Wolf-man versus Mother Goose

Locke’s “takings” rendered a godly act, misunderstood by poor Marx as “primitive accumulation.”

Such beautiful little stories that natural rights philosophers tell themselves:

He that is nourished by the Acorns he pickt up under an Oak, or the Apples he gathered from the Trees in the Wood, has certainly appropriated them to himself. No Body can deny but the nourishment is his. I ask then, When did they begin to be his? When he digested? Or when he eat? Or when he boiled? or when he brought them home? Or when he pickt them up? And ’tis plain, if the first gathering made them not his, nothing else could. That labour put a distinction between them and the common. That added something to them more than Nature, the common Mother of all, had done; and so they became his private right.

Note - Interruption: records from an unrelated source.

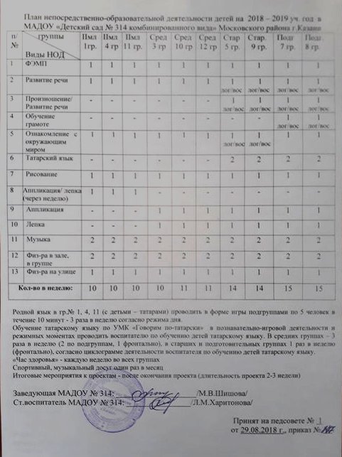 план непосредственно-образовательной деятельности на 2018-2019 учебный год
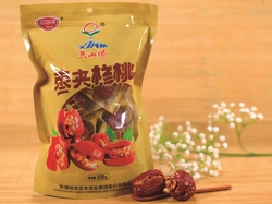 天山嬌干棗,原料多來自哈密大棗。哈密大棗是中國紅棗家族中一個(gè)相對(duì)獨(dú)立的優(yōu)良品種,是在新疆哈密由南平原戈壁特定氣候條件下經(jīng)長期馴化生成的果中珍品。古代謂之“香棗”,一直是獻(xiàn)給朝廷的上乘西域貢品。據(jù)史料考證,哈密栽培大棗已有兩千年的歷史,以其個(gè)大、皮薄、核小、肉厚、顏色好、含糖量高、干而不皺等優(yōu)點(diǎn),在國內(nèi)外市場(chǎng)上馳名。
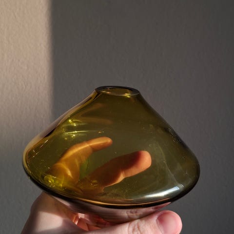 Kaksi Pentikin lasimaljakkoa. Korkeudet n. 24 cm ja n. 10 cm.
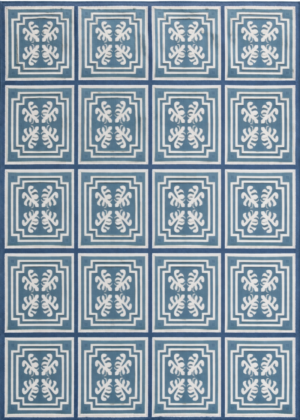 Handwoven Cotton Wool Rug: Blue & White Geometric Dhurrie – 9×12 Ft, Modern Flatweave Area Carpet

John Locke, Two Treatises of Government. Second Treatise, § 28.

Acorns, Apples, and Trees: Mother Goose has nothing on this.

As far it goes in the natural rights genre, Hobbesian horror stories are preferable to Lockean nursery rhymes. In the apparently empty forest, Hobbes’ wolf-man would be justified by right in ripping out the stomach of Locke’s gentle-man hunter and gatherer in order to gain access to its contents. The wolf’s bite proves superior to the quaint bit about “labour.”